TASK STATEMENT
After finding the line with "This creamy and", restate it and each remaining line of the material word for word, omitting every picture.

INFORMATION SUPPLIED

╔══

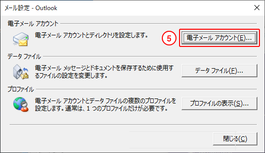 (手順5や手順6の「アカウント設定」画面は「閉じる」で閉じてください。)
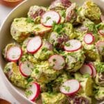 This creamy and flavorful Vegan Potato Salad is perfect for gatherings and meal prep. It features tender baby red potatoes tossed in a rich avocado and vegan mayonnaise dressing, enhanced with fresh herbs, green onions, and a touch of tangy capers. Ready in just 30 minutes, this dish is a delicious dairy-free, egg-free alternative to traditional potato salad.
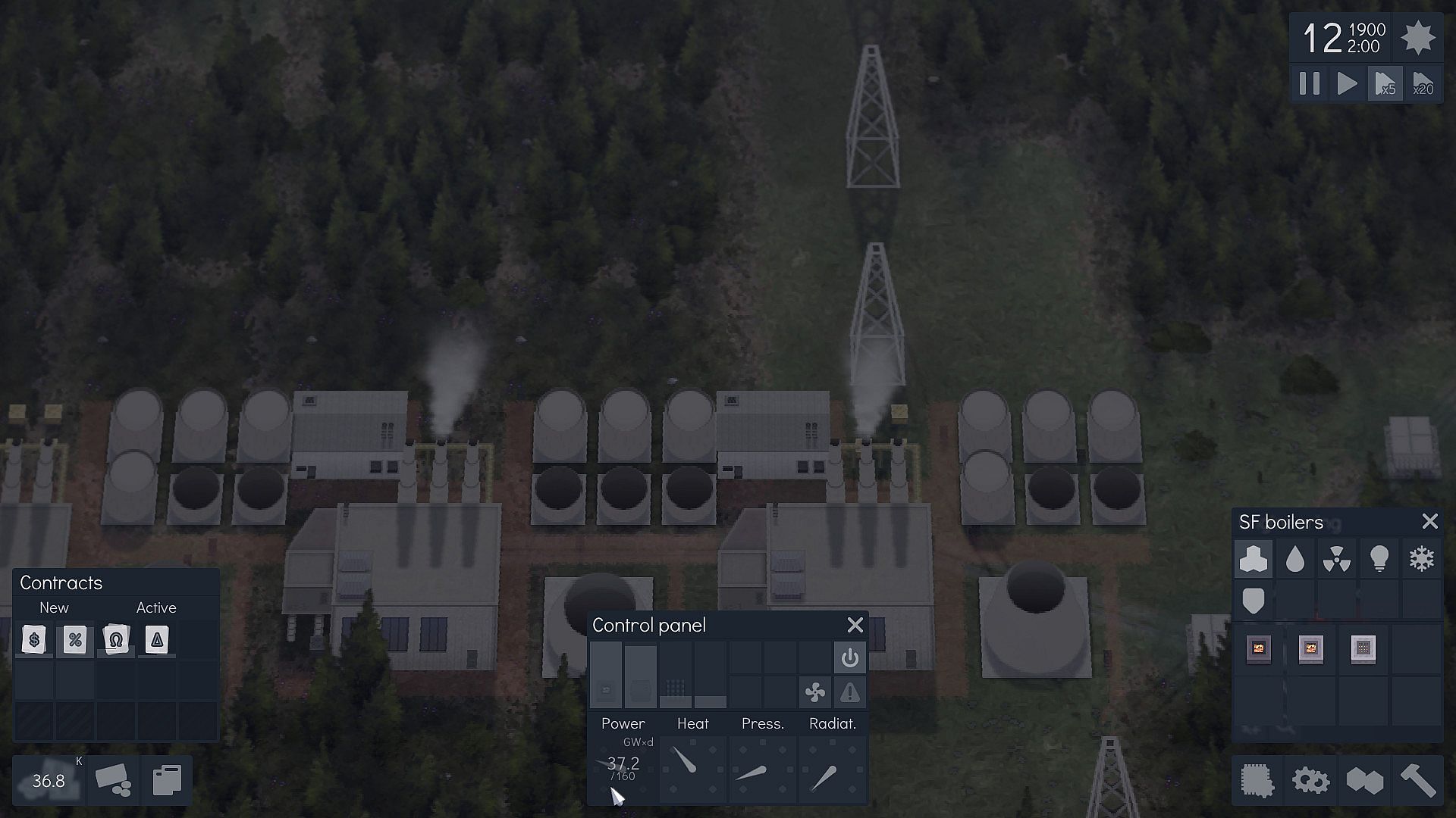 Use the control panel to change the output of boilers, heat exchangers, neutron reflectors and water supply.

╚══

ANSWER SECTION
 This creamy and flavorful Vegan Potato Salad is perfect for gatherings and meal prep. It features tender baby red potatoes tossed in a rich avocado and vegan mayonnaise dressing, enhanced with fresh herbs, green onions, and a touch of tangy capers. Ready in just 30 minutes, this dish is a delicious dairy-free, egg-free alternative to traditional potato salad.
 Use the control panel to change the output of boilers, heat exchangers, neutron reflectors and water supply.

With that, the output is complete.